Die unmittelbare, nur wenige hundert Meter entfernte Supermarktkonkurrenz Lidl, Aldi und Edeka fürchtet Oliver Dunker nicht. So ist der Ennepetaler der Meinung, dass es wichtig sei, mit der Zeit zu gehen, und hofft in Zukunft sogar manch einen Wocheneinkäufer für sich zu gewinnen.

„Die Leute haben immer weniger Zeit und wollen möglichst schnell einkaufen“, weiß auch Stationsleiterin Nicole Drogan und hebt hervor, dass ihren Kunden beim „To-Go-Shoppen“ neben den Vorteilen, ganztägig einkaufen zu können und kühlere Getränke vorzufinden, vor allen Dingen lange Einkaufsschlangen erspart blieben. Schon jetzt würde es viele Stammkunden geben, die auf dem Arbeitsweg oder in den Pausen zum Warenkauf vorbeikommen, ohne die Zapfsäulen zu bedienen, verrät Drogan.

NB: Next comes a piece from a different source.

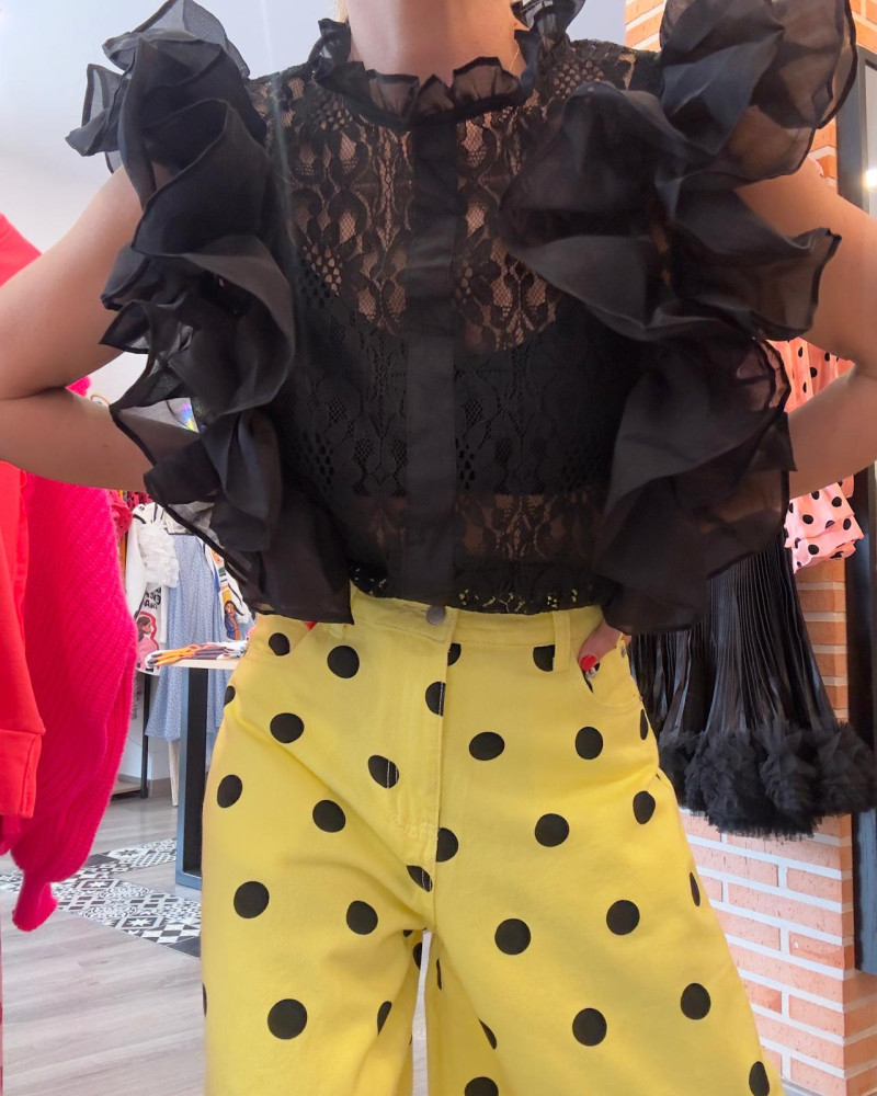 El Top de Encaje es una prenda delicada y elegante que aporta un toque femenino y sofisticado a cualquier look. Su diseño con encaje destaca por su estilo romántico y moderno, ideal para ocasiones especiales o para elevar un outfit casual.

Wenn sich das Warenangebot demnächst vergrößert und auch Frischwaren in den Regalen zu finden sein werden, erhofft man sich zusätzliche Kundenstämme. So würden sich die meisten Kunden auch nicht von etwas teureren Preisen als im normalen Supermarkt abschrecken lassen, glaubt die Stationsleiterin. „Als Tankstelle hat man den Ruf, relativ teuer zu sein. Doch ist das inzwischen gar nicht mehr so“, gibt Dunker zu bedenken, dass man preislich zwar nicht ganz mit den Billigdiscountern mithalten könne, aber allemal mit denen in einem Lebensmittelfachmarkt.

Wenn Aral im wahrsten Sinne des Worts grünes Licht gibt, kommen auf den Betreiber demnächst umfangreiche Planungs- und Umstrukturierungsarbeiten zu. Während man das Sortiment bereits seit März komplett auf gängige Rewe-Waren umgestellt hat, müssen bis zur To-Go-Eröffnung diverse Umbaumaßnahmen durchgeführt, Preise angepasst und Mitarbeiter geschult werden.